In the 1920's, a little theological revolution took place in Germany. With the publication of the second, completely revised edition of his commentary on Romans, Swiss pastor Karl Barth became the focal point of a small group of Christian thinkers who were seriously wrestling with their times. Understanding the impact of Romerbrief necessitates understanding that, even in the first edition, Barth was out in front of many European intellectuals in grasping how the First World War was not just a political catastrophe for Europe; it was also a cultural catastrophe. The self-congratulatory, triumphal attitude of European culture - its philosophy, its theology, its political approach to the rest of the world - had bled out in the trenches of Flanders and France, and Barth recognized that the ground which had seemed so firm, now soaked with the blood of millions, could no longer hold the brave new European poised to stride the earth.
Little noted beyond a small coterie of fellow churchmen and theologians, Barth continued to write and preach and eventually, with his close personal friend Eduard Thurneysen and the Lutheran Friedrich Gogarten, started a journal entitled Zwischen den Zeiten, Between the Times. It reflected their own view that the Christian life was not the culmination of the Kingdom; nor was it existence in some primitive cultus. Rather, it is a life lived in the constant tension between two temptations - the desire to chuck it all, as it were and the desire to proclaim the arrival of the Divine Rule and rest on one's laurels. History would not allow the journal to survive too long; with the rise of German fascism, and with many including Gogarten siding with the demons, Barth took his leave of both the journal and eventually Germany. He published one final, famous, essay in Zwischen, entitled "Nein!" - essentially a huge finger to all the Hitler apologists and those like his fellow Swiss Reformed theologian, Emil Brunner (with whom he refused to reconcile even when Brunner lay dying because Brunner refused to admit that Barth was correct in his criticisms of Brunner's thought) - and retreated to Basel on the triple frontier of France, Germany, and Switzerland.*
Today is the Feast of the Transfiguration. It marks the end of the first stretch of what is usually considered "ordinary time" in the Church calendar, from the Feast of Epiphany through Ash Wednesday and the beginning of Lent. It marks the real beginning of Jesus' ministry. Not his baptism by John in the Jordan River, not his reading and preaching in the Nazareth synagogue, not even his calling of the twelve marked it out as clearly as this event. Harking back to other mountain tops, Jesus went up to a mountain where he was revealed in his fullness, standing around chatting with Moses and Elijah, the two great prophets of the Hebrews, who themselves knew something of events on mountains. The reaction of the disciples, in particular Peter, demonstrate how far they had yet to go in understanding, even in this fullness of revelation, what Jesus was to be about.

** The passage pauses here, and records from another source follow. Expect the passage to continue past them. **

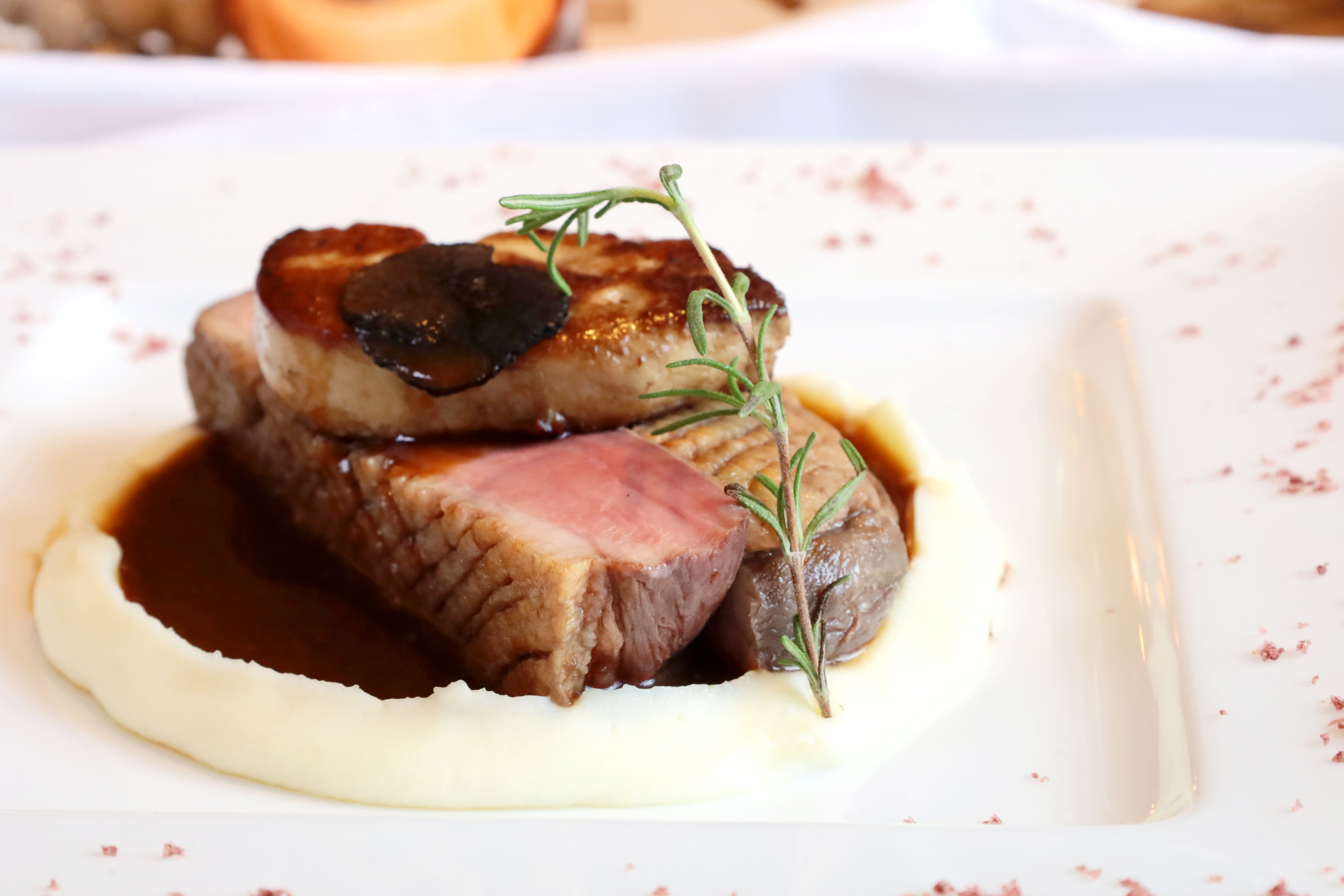 ふっくら焼き上げたカモのロティを贅沢なロッシーニ仕立てに。旨味と香ばしさが重なる一皿です。
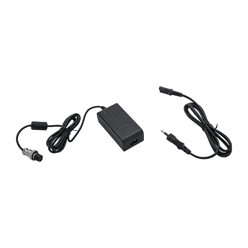 Блок питания оснащен кабелем длиною 1,5 м с розеткой GX16-2P. В комплект поставки включен кабель питания с евровилкой, который подсоединяется к БП при помощи разъема C7 («восьмерка»). Длина кабеля питания также составляет 1,5 м.
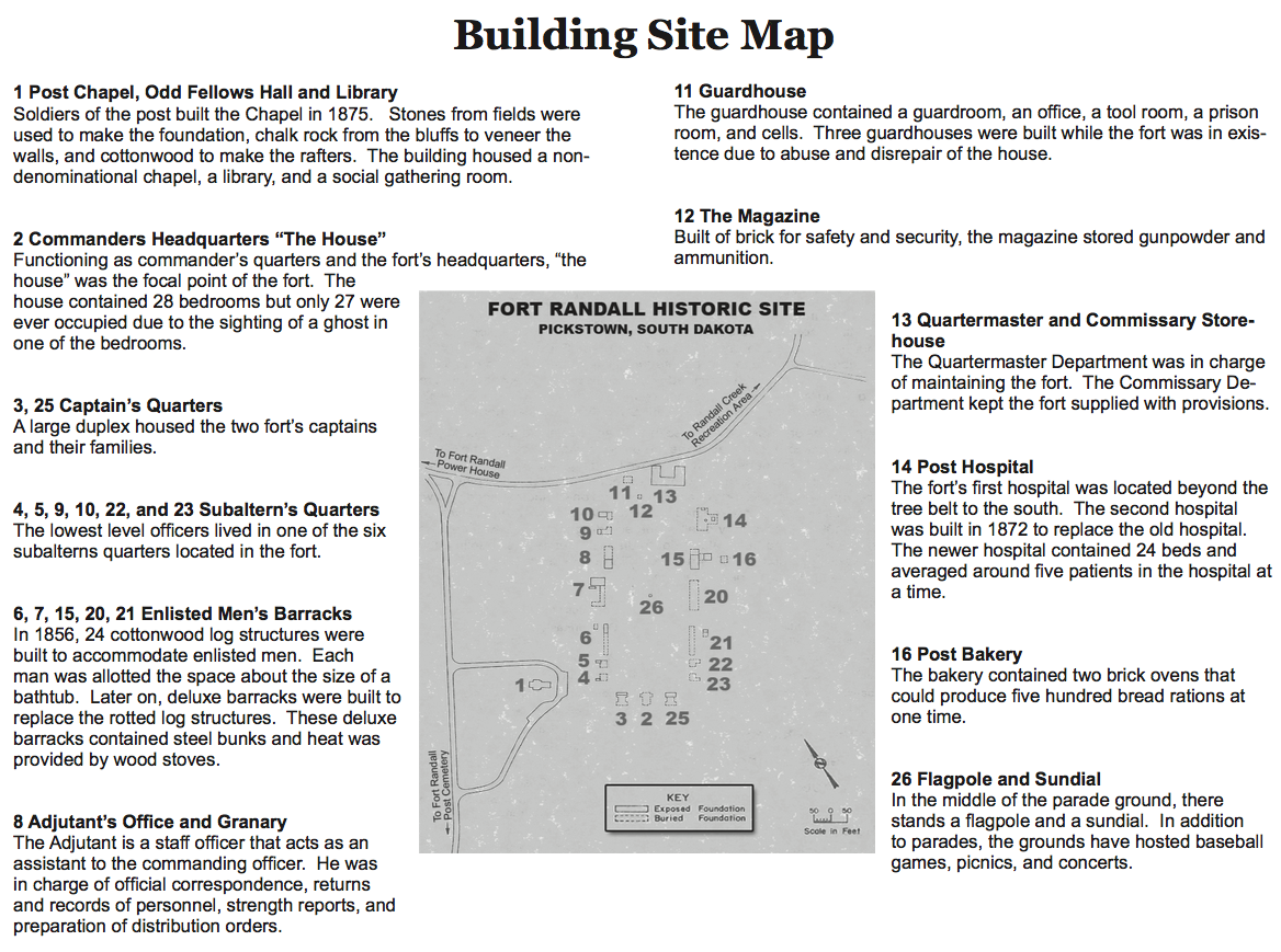 So why aren't there any structures on site now? When the army ended operations at Fort Randall in 1892, the buildings were sold at public auction. The local civilian population swooped in and bought up every window, door and every board-foot of lumber for use on their farms and homes. The only thing they left were the cellar holes.
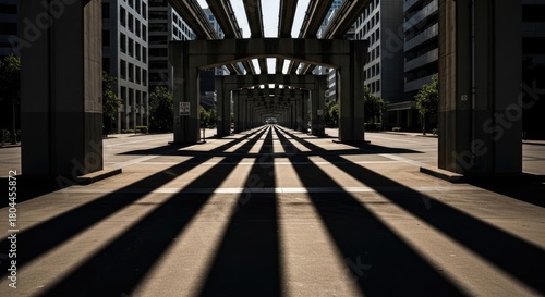 Fototapeta premium Urban exploration downtown with striking shadows and architectural design perfect for cityscapes and urban planning visuals
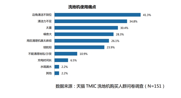 《2023中國洗地機(jī)行業(yè)發(fā)展與消費洞察白皮書》顯示,洗地機(jī)已購用戶在使用產(chǎn)品時還有許多痛點尚未解決,其中對邊角清潔不到位的呼聲最高,占到41.3%。當(dāng)號稱能“躺平”的洗地機(jī)“卷”起來后,消費者卻發(fā)現(xiàn)更多的問題接踵而至。例如機(jī)身笨重、扭轉(zhuǎn)費力、污水桶容量小導(dǎo)致續(xù)航短以及吸力下降、風(fēng)道堵塞、機(jī)身厚導(dǎo)致無法深入死角等,種種問題成為消費者投訴的焦點。

We do not, cannot, live on that mountain, in the fullness of the presence. Nor can we live at the foot of the cross, an event which Jesus predicted even as he descended from the mountain. We are destined to live in the far more ambivalent reality around us; the memory of that moment on the mountain, perhaps, staying with us as a reminder of who this Jesus really is, even as we still wrestle with what that "really" means in the context of the messy, sometimes horrifying, sometimes transcendent, always frustrating day-to-day in which we find ourselves immersed.
While we celebrate that moment on the mountain today, on Wednesday as we recall that we all are nothing more than dust and ashes, destined to die, we need to remember that our real Christian life, the one to which all baptized Christians are called, is a life between those two moments of the Transfiguration and the Cross. Like those so-called "dialectical theologians" of last century, we need to remember that ours is not a calling either to retreat or to final victory. Rather, we travel on, granting to the world its status as neither hell nor heaven, and serve as Jesus called us to serve, between those two poles.
*A detailed history of German theological life in between the World Wars and after is told in Christian Faith in Dark Times, which includes brief sketches of Barth, Gogarten Paul Althaus, Rudolf Bultmann, Paul Tillich, and Emmanuel Hirsch.